The IWC Pilot series
After the war IWC supplied watches for Britain's air forces. In 1949 the company collaborated with movement manufacturer Jaeger-LeCoultre to make a watch which would meet the rigorous specifications set by the British Ministry of Defence.
The IWC Pilot Mark XI was the result, and was supplied to the RAF as well as Australia's RAAF and the Royal New Zealand Air Force.

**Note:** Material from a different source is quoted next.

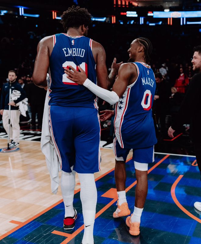 此役他與埃奇庫姆成為費城隊史首對拿到25+4三分+2蓋帽的組合。

Built to be tough, extremely accurate, and resistant to the magnetic fields present in a pilot’s cockpit, these watches embodied the concept of a “tool watch” for which aviation watches have become famous.
Rolex goes GMT
As flight became commercialised and public long-haul flights began to cross multiple time zones, demand rose for a watch which could track both local time and Greenwich Mean Time (GMT), the international civil time standard of that era.

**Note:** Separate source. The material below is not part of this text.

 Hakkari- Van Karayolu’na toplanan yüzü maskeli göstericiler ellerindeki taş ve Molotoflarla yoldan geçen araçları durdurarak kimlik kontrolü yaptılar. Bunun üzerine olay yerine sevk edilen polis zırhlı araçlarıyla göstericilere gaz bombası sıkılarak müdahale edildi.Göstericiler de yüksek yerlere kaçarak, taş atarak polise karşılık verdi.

Rolex stepped up to fill this demand with the Oyster Perpetual GMT Master, designed in collaboration with the Pan American Airways.
The model was launched in 1954 and featured a fourth “GMT” hand to indicate the time on a two-tone 24-hour bezel, representing day and night hours in GMT time.
Over the years new versions of the GMT Master evolved featuring bezels in Red/Black (“Coke”), Red/Blue (“Pepsi”), Black/ Blue (“Batman”), Brown (“Rootbeer”) or solid black colour schemes, each of which have become icons in their own right and seen countless homages and imitations.
Many other watchmakers have played their part in the century of aviation, but the above are some of the most genre-defining.
So the next time you come across the likes of a Breitling Navitimer with its slide-rule bezel, an IWC Mark XVIII, a Rolex GMT Master II, or even a Cartier Santos, know that these are watches with genuine history which helped define not only watchmaking, but also aviation.